Article July 17, 2018

An Examination of Screening Tools for Collaborative Care of Adolescent Depression

Alexander D. Ginsburg, MA, MCRP; Paul S. Stadem, BS; Christopher R. Takala, DO; Paul E. Croarkin, DO, MS; Angela B. Mattson, DNP, MS, RN, NE-BC; Marcie L. Billings, MD; RoxAnne M. Brennan, MAN, RN; John E. Huxsahl, MD

J Clin Psychiatry 2018;79(4):17m11543

Article Abstract

Objective: Collaborative care models for treatment of adolescent depression are rapidly evolving. However, a dearth of information exists regarding patient characteristics associated with positive outcomes. We explored the association between baseline scores on routine screening tools for substance abuse, mood disorders, and anxiety with depression remission and graduation from a collaborative care program in an outpatient pediatric practice.

Methods: Adolescents (aged 12-17 years) with Patient Health Questionnaire-9 Modified for Adolescents (PHQ-9A) score ≥ 10 and a diagnosis of depressive disorder based on DSM-IV criteria between July 2011 and August 2015 were eligible for enrollment in a collaborative care model and inclusion in this study. Remission was defined as a single PHQ-9A score < 5; the criterion for graduation was 3 consecutive months with PHQ-9A score < 5. Analyses compared baseline assessment scores with those at remission and graduation.

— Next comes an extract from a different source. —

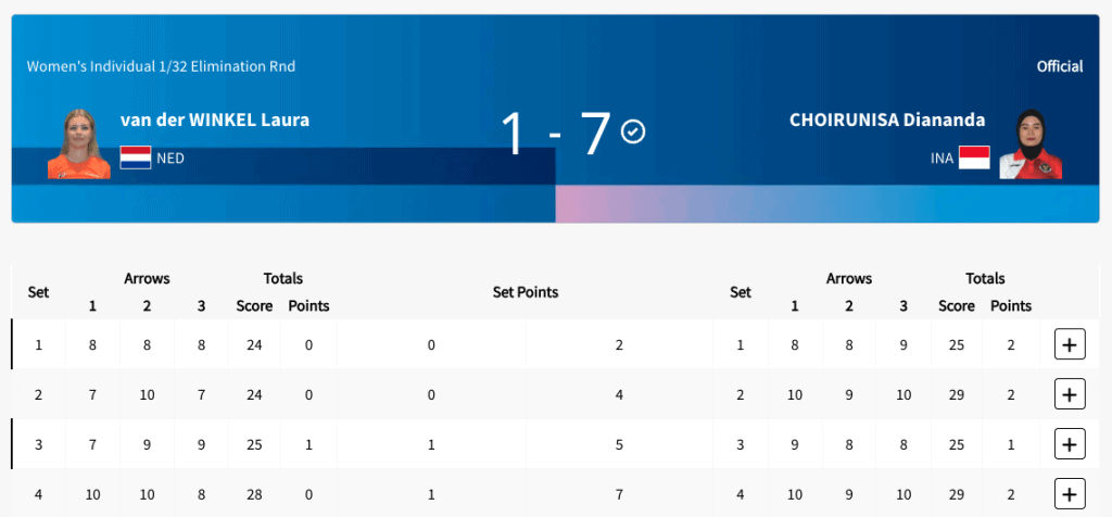 Daar waar Laura van der Winkel en Diananda Choirunsia uit Indonesië gelijk op gingen met tweemaal een acht in de eerste set van de 1/32e finale, nam de Indonesische tegenstander de constante overhand. Laura kon in de tweede set de eerste pijl nog maar net vasthouden, wat resulteerde in een zeven en daarmee vier setpunten achterstand. De derde werd gedeeld na een 25-25 gelijke stand, maar daar waar Laura sterk begon aan de vierde set was het toch niet genoeg. De Indonesische won met 29 punten tegen de 28 punten van Laura, en daarmee de match met 7-1. Hiermee eindigt het Olympische toernooi voor Laura na de eliminatieronde vandaag en fantastische prestatie eerder met het damesteam.

Results: Of the 182 patients included in the analysis, the overall remission rate was 55%; program graduation rate was 27%. There was no association between scores on baseline screening tools and remission. Graduation was associated with lower scores on a screening tool for substance abuse (unit odds ratio [OR] = 1.62; P = .01) and anxiety (unit OR = 1.03; P = .02). When the scores were examined as categorical variables, graduation was associated with negative assessments on screening tools for substance abuse (OR = 3.21; P = .003) and anxiety (OR = 2.35; P = .02).

Conclusions: Baseline substance abuse and anxiety assessments may have utility in identifying depressed adolescents who are less likely to maintain remission and graduate from a collaborative care program, suggesting that these patients may need additional intervention to achieve sustained remission.